The Long Road to Maturity
This backdrop is necessary in order to clarify for men the nature of the path that leads to spiritual maturity. The path is neither a method, nor a technique, nor a curriculum, nor a program. The path, rather, is best described by the following experiences: hard work, unanticipated trials, unavoidable suffering, uncomfortable assignments, difficult relationships, and simple routines. This is the stuff that more than anything else produces long-term growth among Christians.
Why is this? Consider the example of hard work. I have yet to meet a man who reached spiritual maturity by reading the verse of the day on his phone. Maturity is a product of memorizing the word, meditating on the word, studying the word, hearing the word, and singing the word. Mature men of God are men whose blood is Bibline, to use Bunyan’s choice phrase. Cut them open and the Word of God comes out. Men need to appreciate that there are no elevators to eliminate the spiritual equivalent of climbing stairs. A man must harden his knees in prayer if he wants to have an intimate knowledge of God. He must read lots of books if he wants to have a Christian perspective on culture. He must take a spade to his heart if he wants to dig up the roots of sin. Hard work cannot be avoided. Spiritual fruit, like natural fruit, requires the sweat of the brow.
Men deserve to hear the same level of candidness when thinking about trials, suffering, assignments, and relationships. Regardless of what is said in some churches, men need to re-read the New Testament, looking at the experiences of Jesus’ earliest followers as an example of what Christians ought to expect today. The reason for this is that God’s methods then were not accidental. There are lessons learned through suffering that cannot be taught through prosperity. The anvil of a severe trial forges a toughness of virtue that cannot be wrought through times of ease. Faith will never achieve the totality of trust until Christians are pressed into the space of daring obedience. Much of the fruit of the Spirit – love, joy, peace, patience, kindness, goodness, gentleness, and self-control – grows best, not in the delicious climate of mutual affection, but under the harsh rays of awkward, even painful, relationships. Men need to understand that following Jesus is not a small thing, like adopting a set of spiritual routines. Discipleship is far more like enlisting in the military than taking up a hobby. Someone else is now in charge of my life, and He is willing to do whatever it takes to make sure that the finished product is of the highest order.
The Sword and the Trowel
Why am I putting the difficulties of discipleship in the foreground instead of its joys? Is my goal to be a wet blanket? No, I do so for one reason: men deserve to hear the truth. The basic understanding of all Christians up until the 19th century was that the only way to persevere into the kingdom was by a kind of ‘holy violence’. This sobriety, this realism, has been lost today, like the law of God before the reign of Josiah. Do men need to hear about the glories, and privileges, and honors of following Jesus? Of course they do. Yet, from most pulpits these jewels are brought out and put on public display every Sunday. What is left hidden in the back closet is the sword and the trowel, the reminders that only by fighting and toil is maturity won.

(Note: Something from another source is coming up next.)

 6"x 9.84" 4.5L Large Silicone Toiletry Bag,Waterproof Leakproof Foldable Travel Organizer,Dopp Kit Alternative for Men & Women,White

Questions for Small Groups/Self-Reflection
What difference does it make to view discipleship as something that is happening all of the time rather than something that happens only at specified times in a classroom?

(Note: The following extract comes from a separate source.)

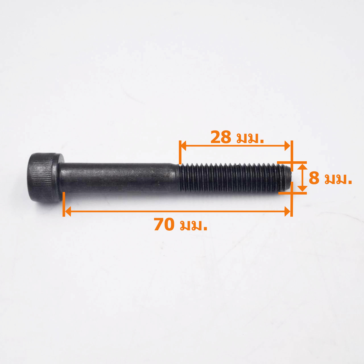 สกรูหัวจมดำ เกลียวมิล ขนาด M8 ระยะพิตซ์ 1.25 มม. ยาว 70 มม. : M8x70 เกลียวครึ่ง

Why are unanticipated trials and difficult suffering such important ingredients of discipleship? (For help see Romans 5:3, Hebrews 12:5-11, James 1::3-4, I Peter 1:6-7.)
Hard work is not something mentioned often in sermons today. However, Paul tells us that we ought to show the same diligence training for godliness that athletes demonstrate training for sports competitions (I Cor. 9:24-27). Why is it important for men to know that maturity will require focused effort?
What do you think it would look like for a group of Christian men to train hard together to grow in faith, hope, love, wisdom, courage, and self-control?